§ SUPPLIED DATA:
-.-.-

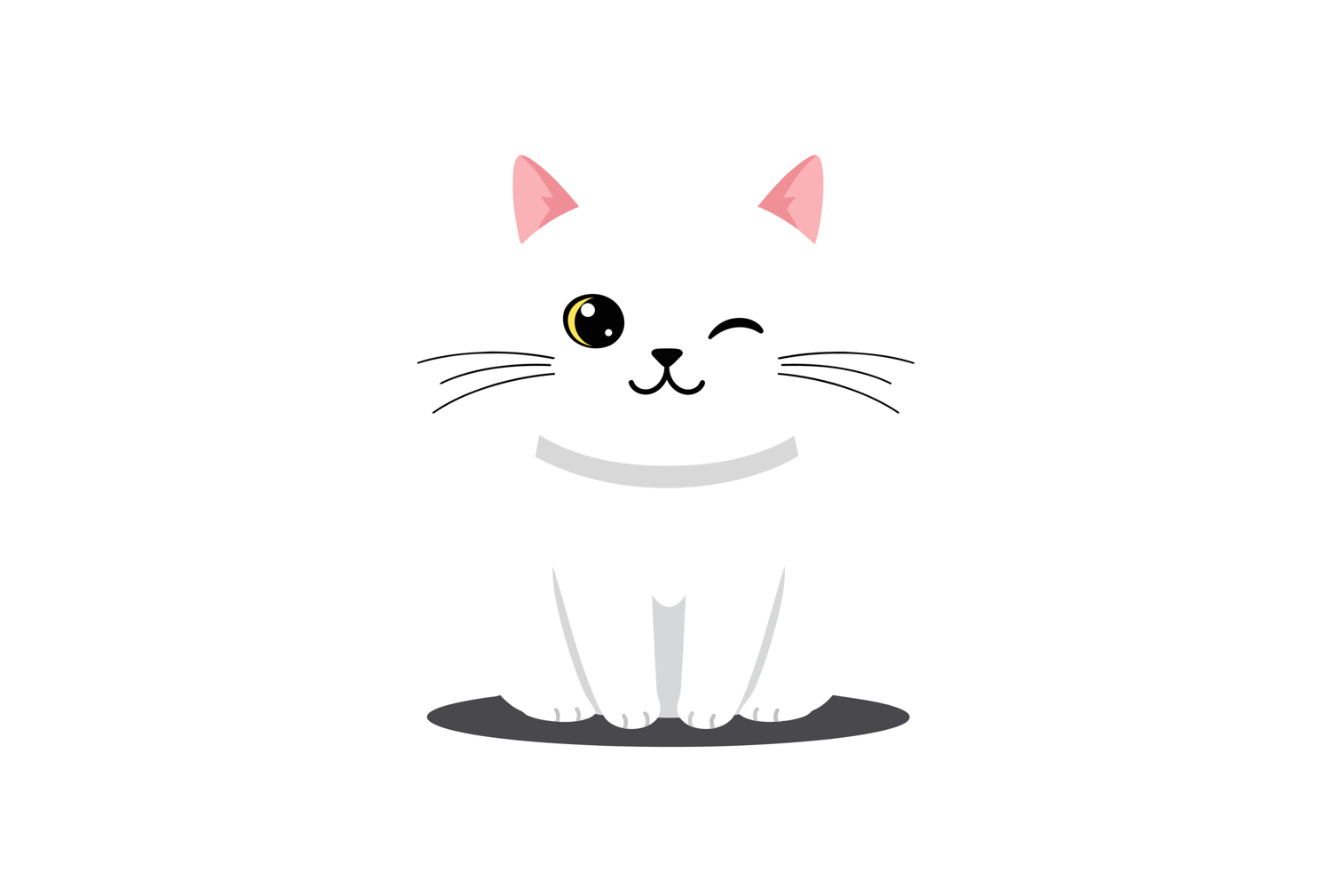 Character Flat Vector Playful Art Cute Design Digital Cat White
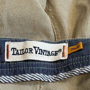 Tailor Vintage Corduroy Pants Canaan Slim Fit Comfort Stretch Waist Size 38 Tan Stone Beige Classic Preppy Academia Ivy League Business Casual Fridays Weekend
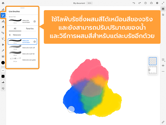 เวอร์ชัน iPad มีฟอนต์มากกว่า 18,000 แบบและพาเล็ตสีมากกว่า 20 แบบ สมัครสมาชิก Adobe Creative Cloud เพื่อใช้ไฟล์ร่วมกับ Photoshop, Fresco และ Adobe Illustrator เวอร์ชัน PC ได้
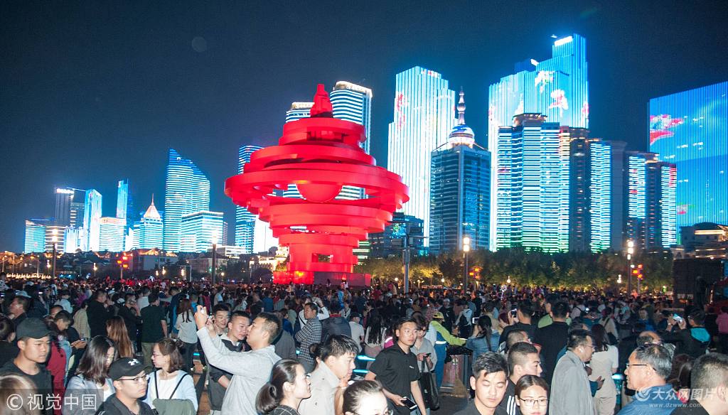 2018年5月23日,山東青島,五四廣場(chǎng),上合峰會(huì)召開(kāi)在即,浮山灣海岸近的媒體建筑立面,流光溢彩的燈光勾勒出青島蜿蜒曲折的海岸線,讓游人在光影互動(dòng)中感受青島的浪漫與華麗。位于燈光秀核心區(qū)域的五四廣場(chǎng)附近,更是人潮涌動(dòng),吸引了大量市民和游客前來(lái)一飽眼福,欣賞美麗的夜景,拍照留念。

-.-.-

§ GOAL OF THE EXERCISE:
Give back exactly the lines from the line with "Tailor Vintage Corduroy" through the end of the material above, inclusive, with no pictures.

§ RESULT:
 Tailor Vintage Corduroy Pants Canaan Slim Fit Comfort Stretch Waist Size 38 Tan Stone Beige Classic Preppy Academia Ivy League Business Casual Fridays Weekend
 เวอร์ชัน iPad มีฟอนต์มากกว่า 18,000 แบบและพาเล็ตสีมากกว่า 20 แบบ สมัครสมาชิก Adobe Creative Cloud เพื่อใช้ไฟล์ร่วมกับ Photoshop, Fresco และ Adobe Illustrator เวอร์ชัน PC ได้
 2018年5月23日,山東青島,五四廣場(chǎng),上合峰會(huì)召開(kāi)在即,浮山灣海岸近的媒體建筑立面,流光溢彩的燈光勾勒出青島蜿蜒曲折的海岸線,讓游人在光影互動(dòng)中感受青島的浪漫與華麗。位于燈光秀核心區(qū)域的五四廣場(chǎng)附近,更是人潮涌動(dòng),吸引了大量市民和游客前來(lái)一飽眼福,欣賞美麗的夜景,拍照留念。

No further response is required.